Rousselle has also held various positions in organizations at the provincial, federal, and international level. Among other positions, he was head of the Bureau des Amériques of the Agence universitaire de la Francophonie, was President of the Council of Canadian Law Deans as well as President of the Association des juristes d’expression française du Nouveau-Brunswick.

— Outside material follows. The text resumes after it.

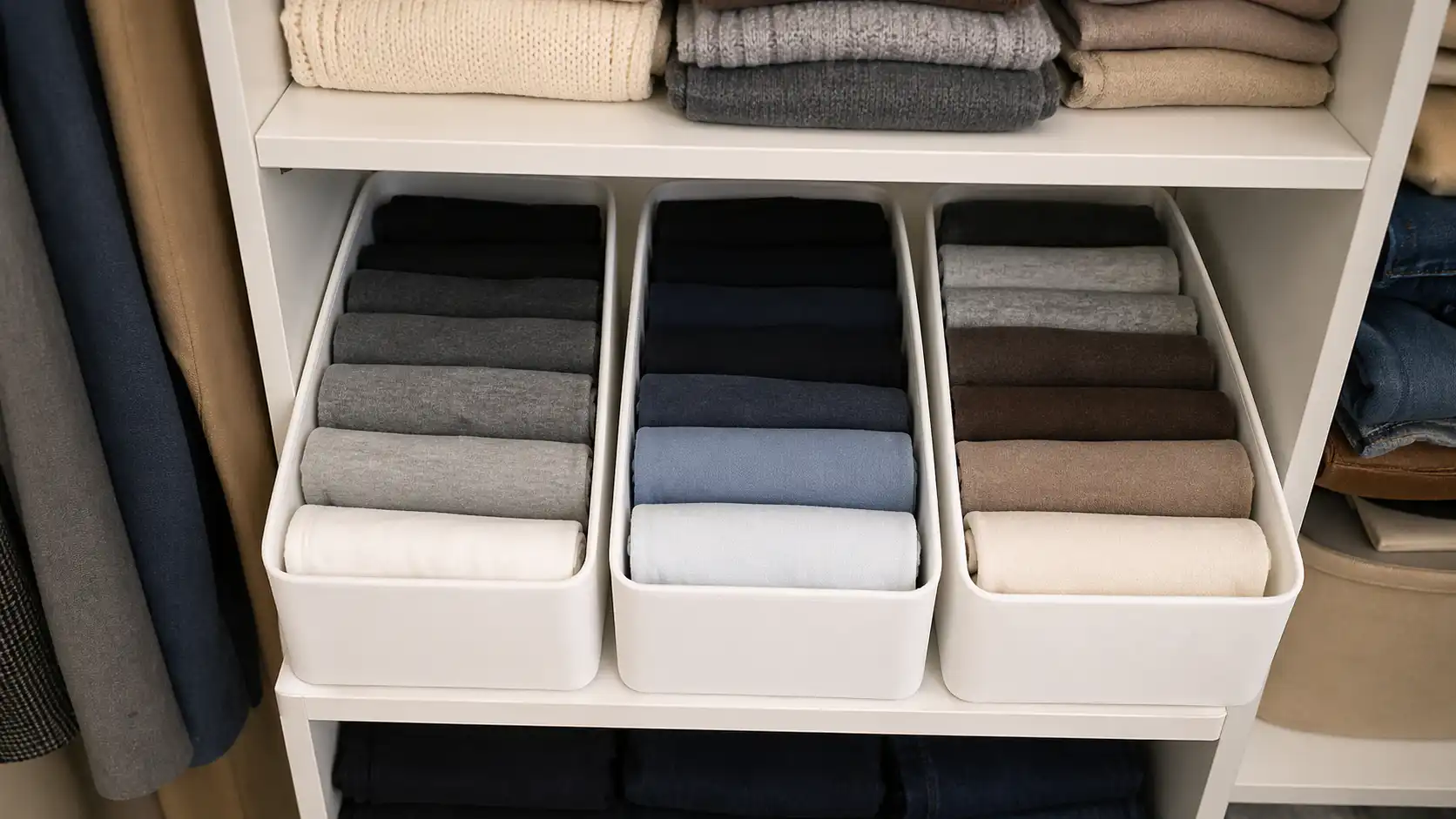 Principala regulă a ergonomiei este că doar ceea ce purtați în momentul respectiv ar trebui să fie la acces rapid. Restul ar trebui să fie păstrat în mod corespunzător. Saci de vid și cutiile rigide sunt perfecte pentru îmbrăcămintea exterioară și articolele voluminoase din garderobă.

Rousselle is the co-author of the book entitled "Éducation et droits collectifs : au-delà de l'article 23 de la Charte" (2003, Editions de la francophonie), which was awarded the 2003 France-Acadie award.

Election results

References

Living people
Members of the Executive Council of New Brunswick
New Brunswick Liberal Association MLAs
People from Gloucester County, New Brunswick
21st-century Canadian politicians
Attorneys General of New Brunswick
McGill University Faculty of Law alumni
Alumni of the University of Cambridge
University of Ottawa alumni
Academic staff of the Université de Moncton
Year of birth missing (living people)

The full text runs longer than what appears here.